Während Bastian noch unschlüssig vor der Türe stand, drang ausgelassenes Gelächter von zwei Mädchen zu ihm hindurch. Sie amüsierten sich ja jetzt schon genug, auch ohne dass Bastian sich zum Deppen machte.
Vielleicht ja beides gleichzeitig? Das war entweder die einzig richtige Lösung oder die dümmste von allen drei Möglichkeiten. Also fischte Bastian den Schlüssel aus seiner Hosentasche, steckte ihn in das Schloss, umfasste den Lenker mit der linken Hand, drückte einmal kräftig auf die Klingel, griff dann sofort zum Schlüssel, drehte ihn und ließ die Türe aufschwingen. Tatsächlich dann auch reinzukommen dauerte doch länger, weil sich das linke Pedal im kleinen Schuhregal verfangen hatte, das draußen neben der Türe stand. Bis Bastian drinnen war, war ihm Lara schon auf halbem Wege entgegengekommen und Isabella reckte ihr Gesichts rechts aus der Küchentüre. Beide grinsten, als sie Bastian sahen, als hätten sie gerade noch über ihn gesprochen.

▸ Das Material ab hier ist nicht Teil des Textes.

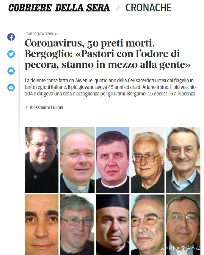 另外,除了這些已經病逝的,意大利還有更大量的神職人員已經感染了新冠病毒,其中有的人已經出現了重症。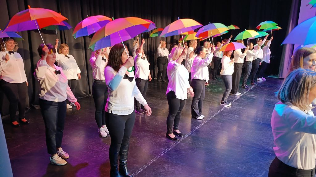 A gyerekek a Judit és a Zenemanók „Gyermek volt minden óriás” című dalára táncoltak a színpadon. Nemcsak a dalszöveg, hanem a produkciójuk is azt sugallta, hogy az élet szép és csodás – ehhez elég volt vidám kis arcukra nézni. Rendhagyó módon idén az óvoda dolgozói is készültek egy táncos produkcióval, meglepetésként a gyermekeknek. Előadásunkkal Mary Poppins gondolatait idéztük: ne feledjük, akármi bánt is, az élet csodás – csak mosolyogni kell, szívvel is és lélekkel.

Lara half Bastian, das Fahrrad durch den Flur und das enge Wohnzimmer auf den geräumigen Balkon zu rollen. Dort ließ sie ihn kurz alleine, um sein Wasser und die Werkzeuge zu holen. Bastian sah sich um. An allen Seiten des Balkons waren Blumenkästen angebracht. Einer war gefüllt mit braunem Staub und Erde. In einem anderen wuchs ein dünnes, grünes Pflänzchen mit winzigen Blättchen aus einem eiförmigen, grünen Ding, das der Stiel in der Mitte gespalten hatte. In einem langen Pflanzenkübel wuchsen alle möglichen Küchenkräuter. Nur einige kamen Bastian bekannt vor und nur von zweien kannte er die Namen: Basilikum, klar. Petersilie auch. Der Rest? Der war weniger normal. Eine Pflanze lenkte Bastians Aufmerksamkeit so sehr auf sich, dass er einmal das abgestellte Fahrrad umrundete, in die Knie ging und sich das Ding genauer ansah.
Die Pflanze wuchs ungefähr einen drei Viertel Meter hoch und bestand aus zwei dunkelgrünen Halmen, die gerade aus der Erde ragten. Sie hatten keine Blätter. An der Spitze jedes Stängels steckte eine Blüte, wie sie Bastian noch nie gesehen hatte. Auf den ersten Blick sahen sie wie zwei große, einzelne Kugeln aus, wie zerfranste, runde Wattebausche. Aber als Bastian sich die Blüten näher ansah, wurde ihm klar: Jeder Wattebausch war eine Kugel aus unzähligen, kleinen Blütchen: kleine Kelche, die an hauchdünnen, grünen Fädchen hingen und zu einer Kugel um die Spitze des Stängels angeordnet waren. Jede einzelne Blüte sah extrem unscheinbar aus, aber zusammen war das schon ganz hübsch.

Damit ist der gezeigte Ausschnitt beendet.